Learn how the different healthcare transformation activities fit together to form a cohesive population health approach that can be operationalized.
- Healthcare informatics
- Using data to make informed population health decisions
- Techniques for using analytical tools
- How to report and communicate results
- Using informatics to improve care coordination
Who should participate?
- Clinical supervisors (nursing supervisors, IT, finance and operational management from health care delivery organizations)
- Public health managers and leaders
- Physicians, physician assistants, CMOs (chief medical officers), CMIOs (chief medical information officers)
- Healthcare professionals who need to understand the interrelationships between health informatics, data analytics and MACRA (Medicare Access and CHIP Reauthorization Act)
Day 1 – April 26, 2018
- Introduction to Informatics: Presenting the basics about healthcare informatics
- History of informatics, informatics terminology
- Key stakeholders and activities
- Sources of data, data quality, identification of usable data
- Application in the clinical setting
- Data Infrastructure: Presenting a description of the supporting infrastructure
- Data governance, data and databases, healthcare information systems
- Electronic Health Records (EHR)
- Health information exchange: case study presents methods of data and information exchange and accessibility
- Protecting health care information: privacy, security and consent
- Data Analysis: Presenting ways of using the data to make better population health decisions
- Population health research methods
- Understanding informatics data: case study helps the participants understand data better
- Data collection and mining
- Prioritization, stratification, pattern identification
- Root-cause problem solving
- Scatter diagrams: finding relationships between variables
- Causation vs. correlation
- Graphical analysis, data visualization
- Reporting the information to various audiences
Day 2 – April 27, 2018
Using Informatics for Decision Making
- Data insight for clinical practice: Techniques for using analytical tools
- Knowledge pyramid
- Informatics research methodologies
- Informatics metric identification models
- Models for statistical prediction, risk identification and decision support
- Informing care strategies using informatics
- Informing operational strategies using informatics
- Case study: Applying our learning
- Measures, Scorecards and Dashboards: ways to report results
- Report reading
- Metric reporting
- Program evaluation
- Cohort identification and management
- Case study: Establishing measures and capturing results
- Care Coordination Methods: Using informatics to improve care coordination
- Evidence based practices
- Patient engagement
- Case and disease management
- Transitional care
- Team-based care
- Telemedicine and telehealth
- Integrated health
- Connecting patients to their healthcare
By the end of this seminar the learner will be able to:
- State the definition of informatics in the context of population health.
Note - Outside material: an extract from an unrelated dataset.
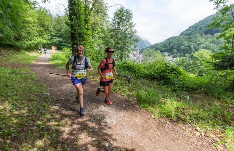 Départ place de la mairie à Cauterets (940 m). La première partie est commune au 20 km. Direction la ferme Igau et ça va monter vers le col de Bourg Dessus (1960 m). Longue montée de 1000 m+ environ sur 6 km. La vue sur la vallée vaut le coup ! Ensuite, descente en direction du Cambasque (1250 m), 1er ravitaillement.
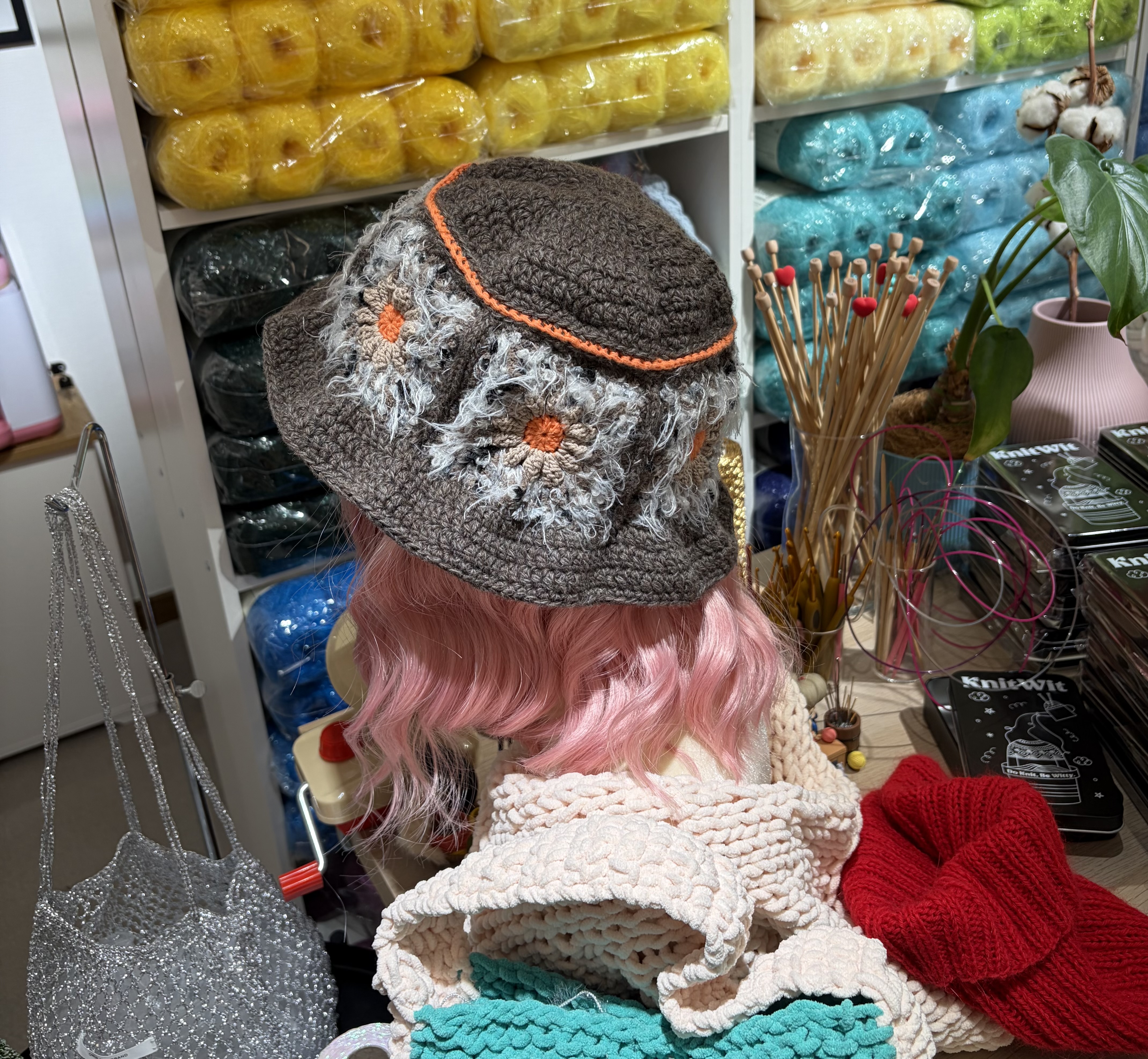 今年は人間サイズのものは帽子のみ編めた これは気に入ってる毛糸屋さんで買った毛糸で編んだ帽子を、その毛糸屋に持って行って見て見て♫してマネキンに被せて撮らせてもらった写真 お店の人や他のお客さんに褒めてもらい、えへへ☺️と照れて満足

- Understand basic clinical application of informatics.
- Identify the key features of data and information.
- Name the structural components of the knowledge management hierarchy and describe the significance of each component.
- Describe challenges of performance management.
- Identify technical infrastructures types that exist in healthcare today.
- Define information exchange capabilities available in typical healthcare systems.
- Understand the tools necessary to transform data from electronic health records and information systems, into usable data sets for healthcare.
- Understand steps in the data analysis process.
- Describe the concepts "population-based" and "community focused.
- Identify the implications of data analysis in healthcare organizations.
- Understand the basic principles of population health data analysis.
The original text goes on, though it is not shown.